We try really hard to bring everything we need when we come. That way, we don't have to "run to the store" for anything. We have even been successful with that a couple of times, but occassionally, we gotta bite the bullet and make the run.


----------



## Orkney Spyders

We like the idea of using pallets for firewood, and not buying locally which always seems to be fairly unseasoned. I understand that New York has gotten fairly aggressive about concerning transportation of wood due to ash borer, and heard stories of wildlife officers/park police being fairly badge heavy about origins of firewood.

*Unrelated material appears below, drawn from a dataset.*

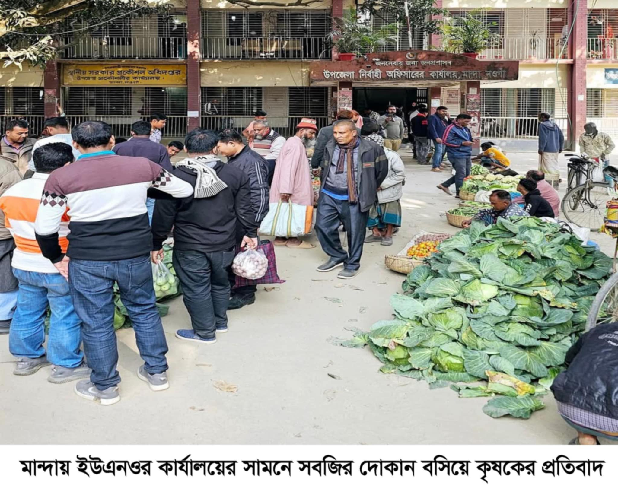 মান্দায় ইউএনওর অফিসের সামনে দোকান বসিয়ে কৃষকের প্রতিবাদ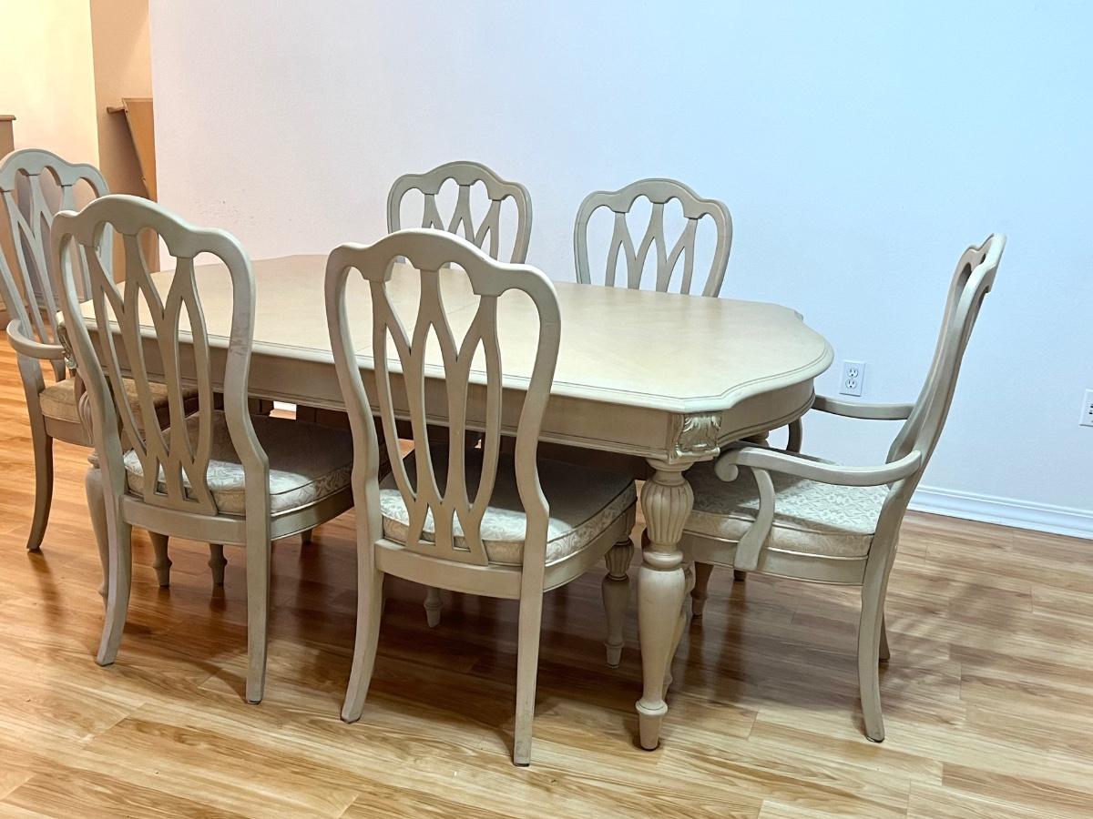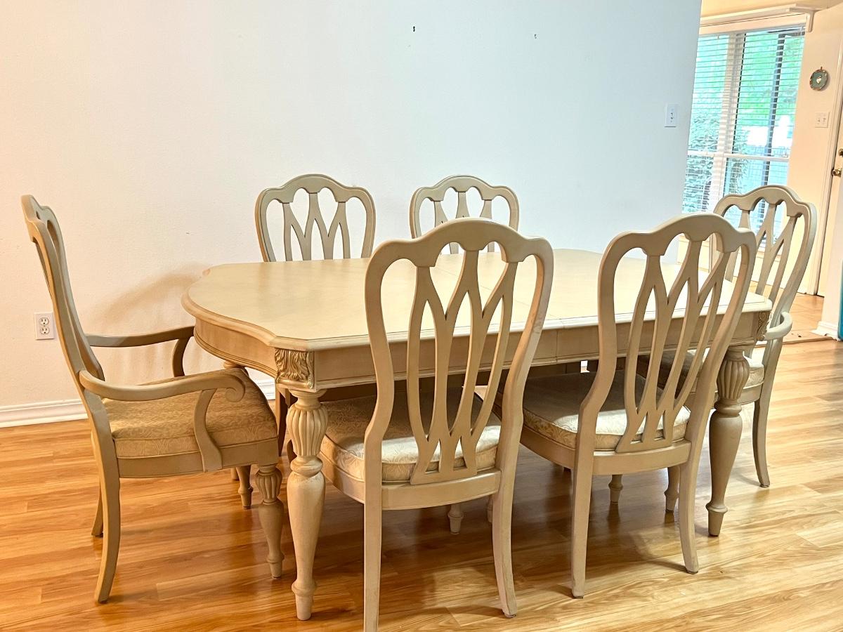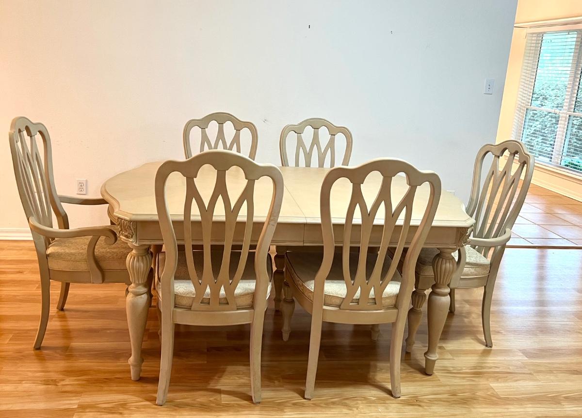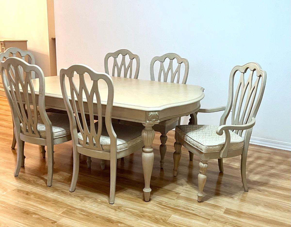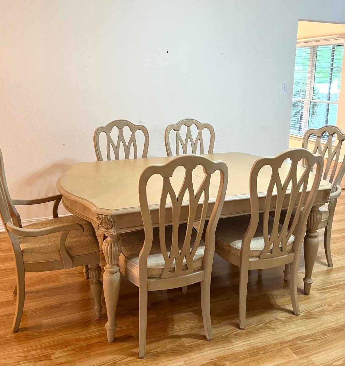 STANLEY FURNITURE Solid wood, made in the USA. Color is marked as D Wash under the table. As pictured. Comes with 6 chairs, two captain chairs and 4 regular chairs,Table measures 30 inches tall, 44 inches tall, and 69 inches wide. Chairs measure 42 inches tall, 21 inches wide. Floor to seat measures 18 1/2 inches tall. Table has 2 additional leafs (not pictured) each measure 20 inches.

Could get expensive if Ranger Rick gets agitated.


----------



## calwb

State Parks in Indiana allow any type of construction lumber.:smile:


----------



## dd45529

We also try to take along everything we need, especially in the food and drink department. We also try to restock at discount stores when we are traveling and need something. One other way to save on camping fees is to get memberships like KOA, Passport America, Good Sam etc. We have recoup the membership fees several times over.


----------



## daydreamer

Avoid buying food or things for the camp site is no. 1 way to cut down the expenses. 

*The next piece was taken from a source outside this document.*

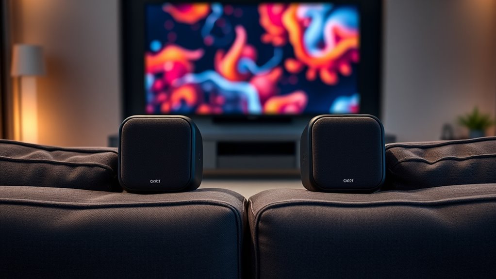 Wireless rear speaker latency can cause audio delays, making sound and picture feel out of sync. I’ve noticed that even small delays can disrupt the immersive experience, especially during movies or gaming. To avoid this, I look for speakers with low latency or those that support audio synchronization features. Ensuring a stable, fast wireless connection helps maintain crisp, synchronized sound, keeping my viewing experience seamless and immersive.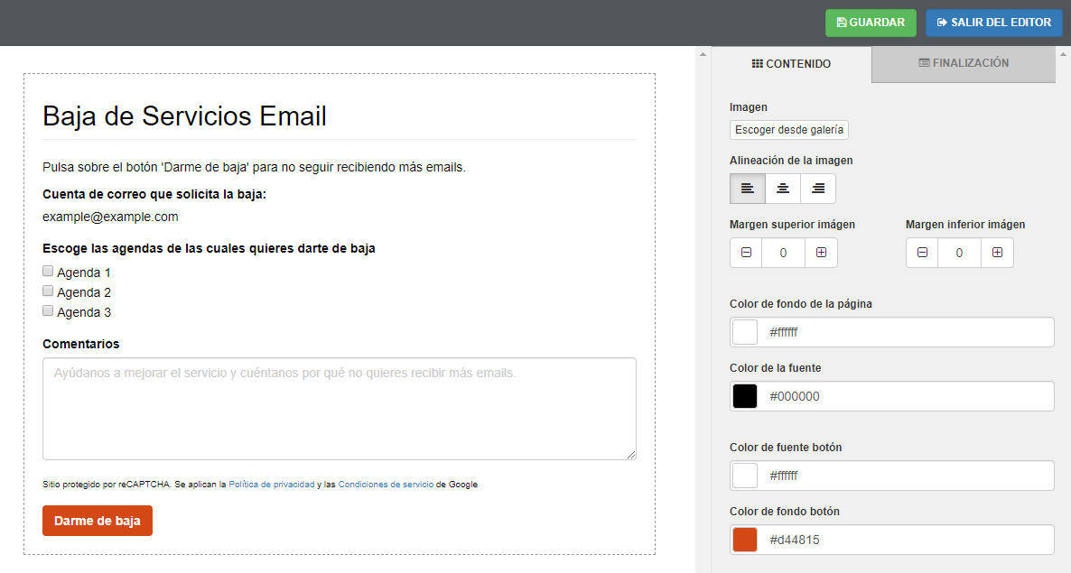 Utilizar el formulario de baja en tus envíos de email

Here are other tips that could surely be helpful.

22 Quick Tips to Save Money Camping


----------



## ilovecamping

If you are a military family or retired military you can use the famcamps which are very reasonably priced. You can also usually get a discount at other campgrounds.


----------



## Bamps

If you like rough camping or should I say, camping without the frills, you can get permits cheap and dry camp on BLM land. I do this mostly. There's no crowds, no bathrooms, pools or tennis courts, just nature. I particularly pay attention to fire restrictions and sometimes go without a fire at all. It's all good to me.

Freezer bags full of water are good if you toss them in the freezer a few days before you go. It lessens the soupy soggy cold water in the ice chest and can be a source of fresh water when melted.


----------



## ofrod36

It has the best campsites, but I wish they could low the price.


----------



## Admin

We buy a yearly pass for state parks that saves a lot!


----------



## Bamps

Cricket said:


> We buy a yearly pass for state parks that saves a lot!


National parks have those yearly passes as well that will save tons of money


----------



## wecamp04

We keep different size plastic jugs ,milk,juice water ect in the freezer in the garage their always ready and we never have to buy ice, I also save all scrap wood and use it camping the park pass is a good idea if you go a few times a year it pays for its self


----------



## rksolid

To cut down on ice we started freezing water bottles at home keeps other beverages and etc. cold plus it can be drank or used for cooking. Since we always take bottle water get double use from it.


----------



## SnowSierraAdentures

One of the things I take for my camping to valley of flowers last year was an "Kodiak Canvas Flex-Bow 6-Person Canvas Tent, Deluxe" it cost me around $550 which is very much expensive for me.


----------